→ Supplied material
'''

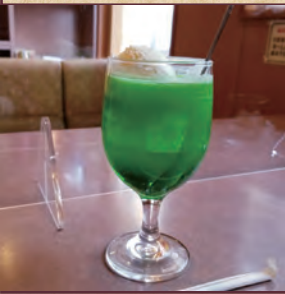
4 喫茶 K and T 板橋区蓮根 2-19-17
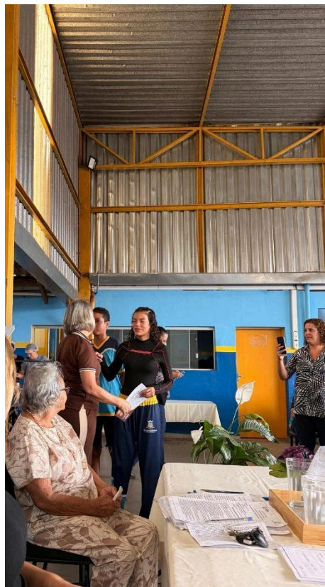
Alunos com os livros do projeto Autoria: Paula Grandi Data: 27/02/2026

O Projeto “Nossa Terra” encontra-se em desenvolvimento conforme o planejamento apresentado pela equipe executora, demonstrando avanço satisfatório das atividades propostas.
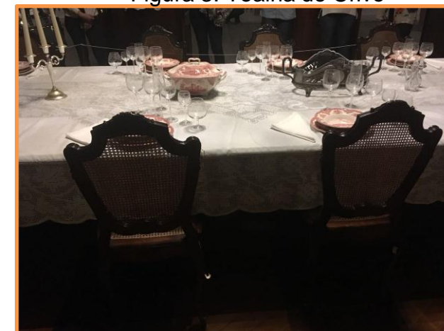
Figura 3. Toalha de Crivo

É um tipo de renda de agulha, onde seguiu os desenhos estabelecidos para sua composição. Tem aproximadamente 5m de comprimento, foi confeccionada especialmente para compor a mesa de jantar do museu cruz e Souza.
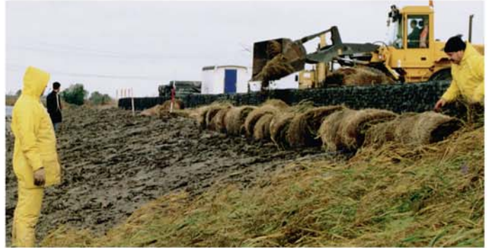
Octobre – Novembre 2001 : Installation des géonattes coco de phragmites

'''

→ Requirement
The answer must be an exact copy of the lines from the one containing "É um tipo de" through the last line of the records, and nothing else. Pictures do not belong in it.

→ Response area
É um tipo de renda de agulha, onde seguiu os desenhos estabelecidos para sua composição. Tem aproximadamente 5m de comprimento, foi confeccionada especialmente para compor a mesa de jantar do museu cruz e Souza.
Octobre – Novembre 2001 : Installation des géonattes coco de phragmites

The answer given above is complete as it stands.